Structured on the premise that trade, and a fair price, is a vital route out of poverty for cocoa farmers, the Fairtrade network guarantees suppliers a minimum 'best deal' price.

And Cadbury's recent move to Fairtrade has not only catapulted the notion of Fairtrade into the minds of chocolate consumers - Cadbury sells 300 million chocolate bars a year - but crucially, also represents a decisive act by the company towards building long-term relationships, grounded on fair prices, with its suppliers.

Cadbury and the UK's department for International Development (DFID) have partnered up, through the Business Call to Action initiative, in Ghana to engender a fair deal for farmers. More precisely, the department's office in Ghana has worked closely with Cadbury 'on the ground'.

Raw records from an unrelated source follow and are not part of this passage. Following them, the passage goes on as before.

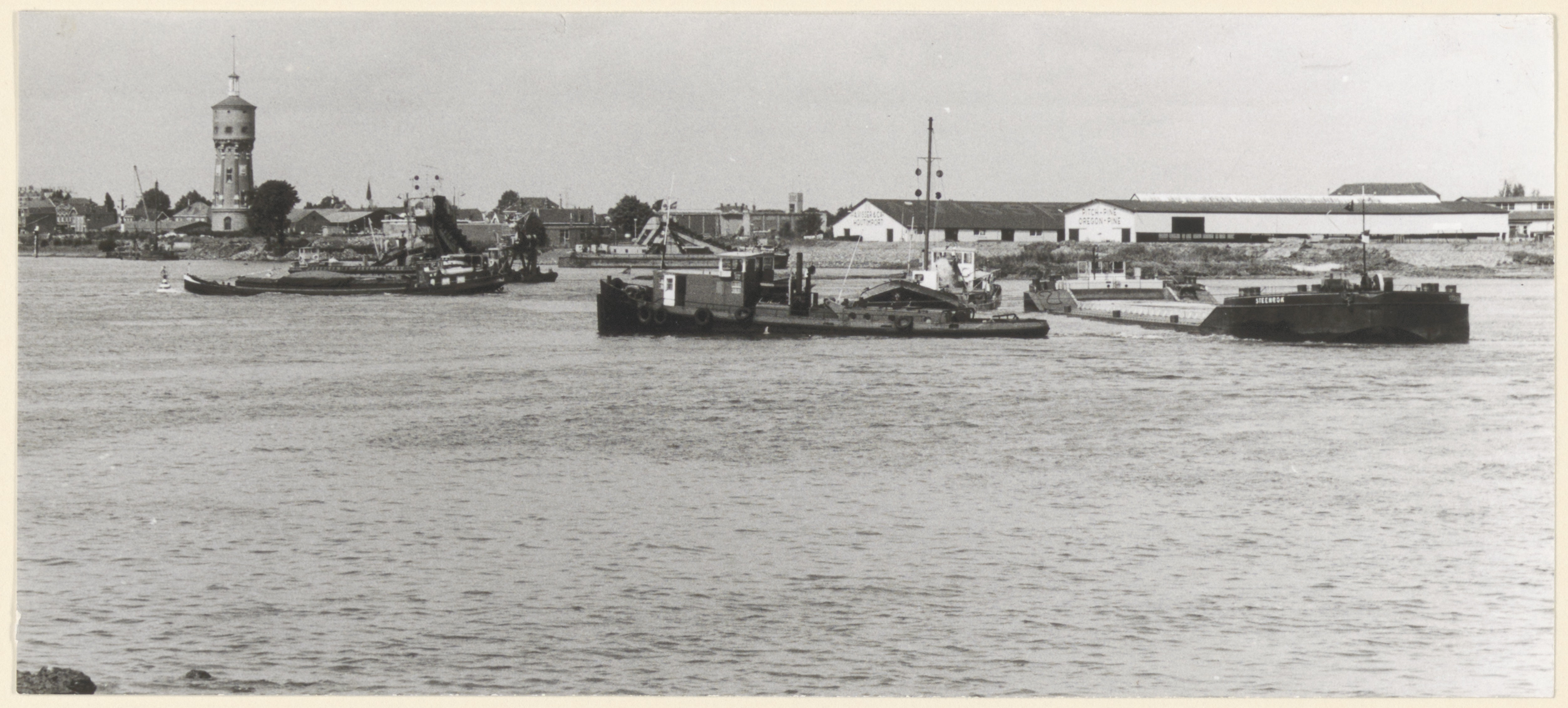 De vastgelopen zandbak Steenbok in de Oude Maas. Op de achtergrond de watertoren in Zwijndrecht, rechts houthandel Visser.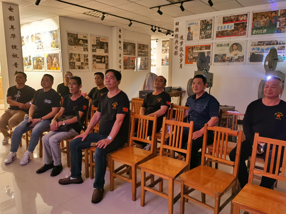 2023年7月30日,海宁舟桥兵庆八一到访许村九斤电影珍藏馆参观。大家在珍藏馆见到了上百张经典老电影海报及各色放映机,大开眼界的同时也了解了我国电影行业的发展。参观之余,大家还在放映厅一起观看了纪录电影《周恩来外交风云》。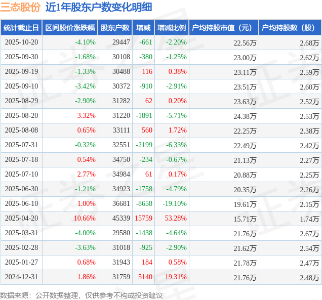 从股价来看,2025年9月30日至2025年10月20日,三态股份区间跌幅为4.1%,在此期间股东户数减少661.0户,减幅为2.2%。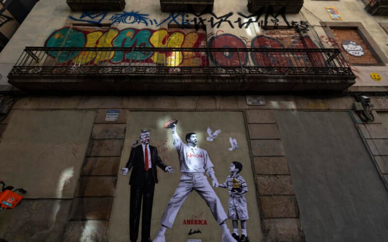 Un grafiti del artista Alberto León en el centro de Barcelona, en el noreste de España, reivindica la paz frente al presidente estadounidense, Donald Trump, con una imagen del cantante puertorriqueño Bad Bunny en su espectáculo de la Super Bowl, de la mano de un niño detenido por la policía migratoria.

"We use our experience in Ghana by helping Cadbury make the best decision possible,"​ a press officer at the UK government department told

The UK government office provides practical knowledge and help, from taking Cadbury representatives to villages and farmers, to indicating geographical priorities for sustainable housing or education. Even providing information on where a well should be built, and in which village.

"Literally every time Cadbury goes out to Ghana, our office facilitates on the ground,"​ added the press officer.

She continued that Cadbury, that has been involved with Ghana for more than 100 years, has "some really good ideas"​ that the DFID office can "help turn into a tangible act".

Cadbury sources the majority of its cocoa – nearly two-thirds – for its UK products from Ghana, the world's second biggest exporter of cocoa after Ivory Coast.

Last year the firm launched its Cadbury Cocoa Partnership, an initiative under which the company will invest ₤45m (€48m) over the next ten years to secure sustainable cocoa farming in Ghana, India, Indonesia and the Caribbean.

Fairtrade products are picking up in pace – UK sales were up 43 per cent last year and an extra boost is anticipated this year from Cadbury chocolate. Sales of all Fairtrade products in 2008, that includes bananas and cotton, totalled £700m (€780m).